I think a platform team taking ownership is the correct model, but the early product teams need to have "embeds".

The platform team owning base terraform functionality works well for the product teams that are the 3rd or 4th user of said functionality.

For the early days of the platform, and the early users.. your product is constantly in dependency & priority battles with said platform team. This is where "embeds" help continually unblock while making sure the work is done in a platform centric manner that will be reusable for other product teams.

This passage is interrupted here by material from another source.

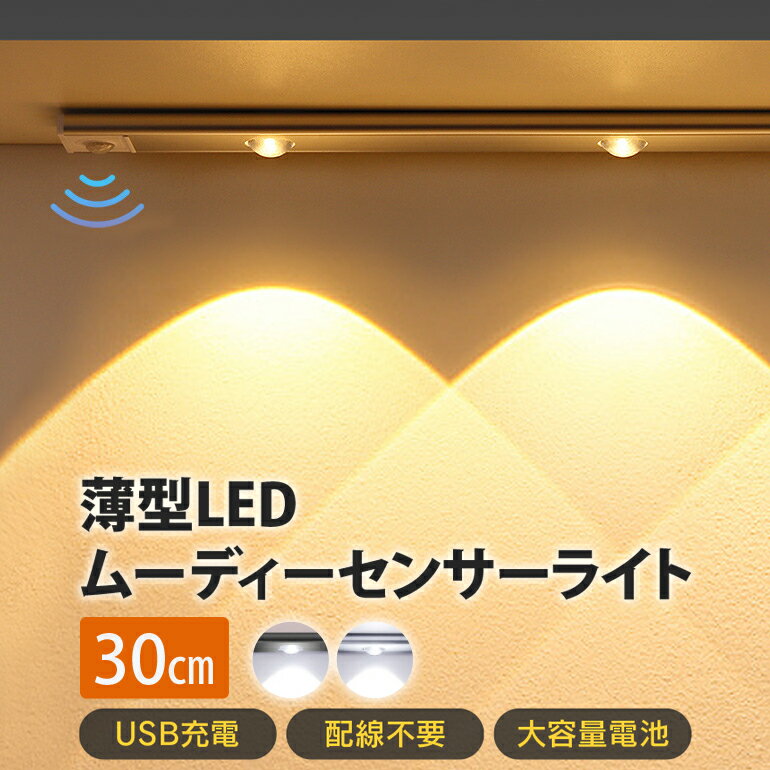 薄型 LED センサーライト ムーディー 【30cm】 充電式 人感センサーライト ledライト ledセンサーライト マグネット 工事不要 屋内 モーション 玄関 非常灯 足元灯 常夜灯 色調整可能 3モード調整 キッチン 台所 多目的灯
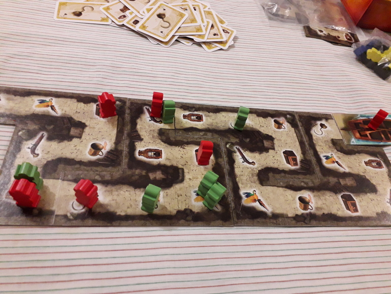 Следующие две игры достаются у нас не слишком часто. "Картахена"-по понятным причинам. Сын не понимает, как действовать, чтобы выиграть. Кого выгодней двигать. Да и вдвоём мне играть в неё скучно. Поэтому с ним я играть в Картахену не люблю. Но если просит-составляю компанию. Вчера так усердно следила за его картами и как он играет, что сама проиграла.

Simply saying the product teams need to go down into the weeds at this level just puts too much disparate responsibility on product teams who exist to deliver a single product. Similarly it encourages vastly different approaches to similar problems, with all the wasted duplicate & re-work.

lhorie · on Aug 9, 2022

I tend to think of embeds as being very similar to the open source contribution model: you want some sort of BDFL entity that drives the overall direction of the platform, but also some sense of community/collaboration where individuals can feel empowered to contribute features to scratch their own itches, or bring up discussions, etc.

Having a team owning the platform doesn't necessarily need to mean shutting yourself in a cave. Granted, promoting cross-functional collaboration is a challenge in and of itself, but similar to OSS, projects that invest in the community aspect are the ones that eventually gain critical mass and set themselves apart from the rest.

danwee · on Aug 9, 2022

Having a single "platform" team per company is a bottleneck as soon as the number of product teams is greater than N.

> ...you'll probably start having as many approaches to your infrastructure as there are teams, complexity will explode, and implementation/verification of compliance requirements will be a chore. Just a few people responsible for handling this will yield huge benefits.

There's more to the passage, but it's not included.